Copy out the whole listing exactly as given. Skip the pictures.

Recorded data —
_ _ _
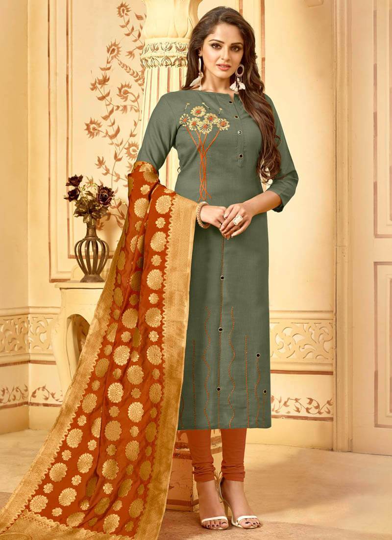 Khakhi Heavy Cotton Slub Chudidar Straight
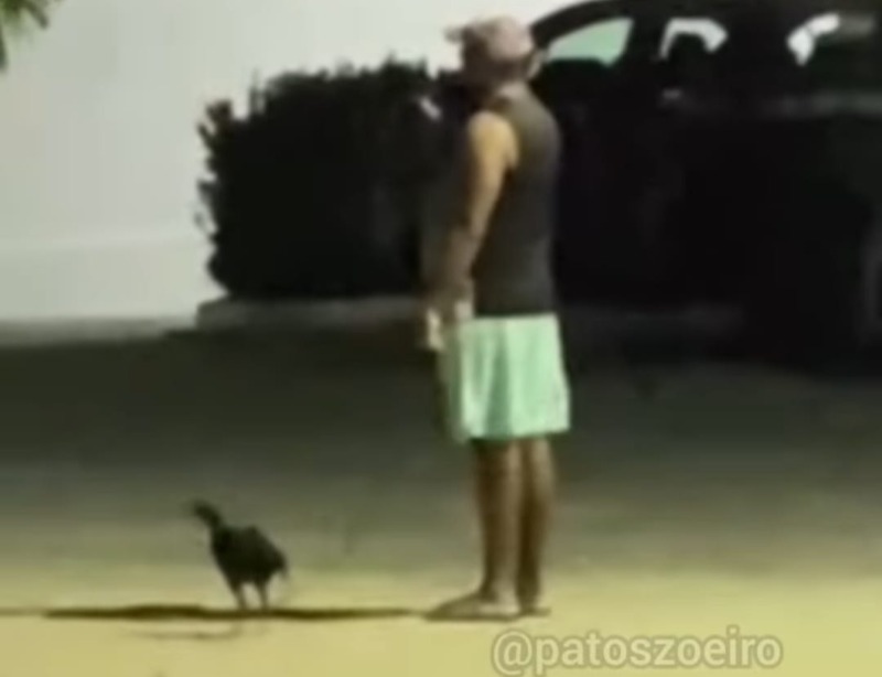 “Rapaz não estou vendo isso não, viu? O cara dando uma voltinha com uma galinha, rapaz. Agora me encabulou. Tu é doido?”, afirmou o homem que gravou a cena.
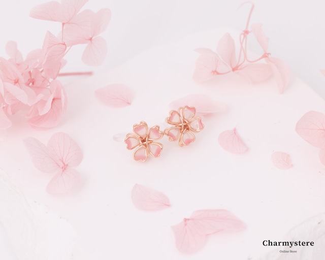 立体感のあるサクラモチーフに、艶やかで桜の美しいグラデーションの色味を再現した上品でフェミニンなイヤリングに。顔まわりを優しい印象に。 ■Color:Pink ■素材:銅+金メッキ+琺瑯(ほうろう)
_ _ _
Result of the exercise —
 Khakhi Heavy Cotton Slub Chudidar Straight
 “Rapaz não estou vendo isso não, viu? O cara dando uma voltinha com uma galinha, rapaz. Agora me encabulou. Tu é doido?”, afirmou o homem que gravou a cena.
 立体感のあるサクラモチーフに、艶やかで桜の美しいグラデーションの色味を再現した上品でフェミニンなイヤリングに。顔まわりを優しい印象に。 ■Color:Pink ■素材:銅+金メッキ+琺瑯(ほうろう)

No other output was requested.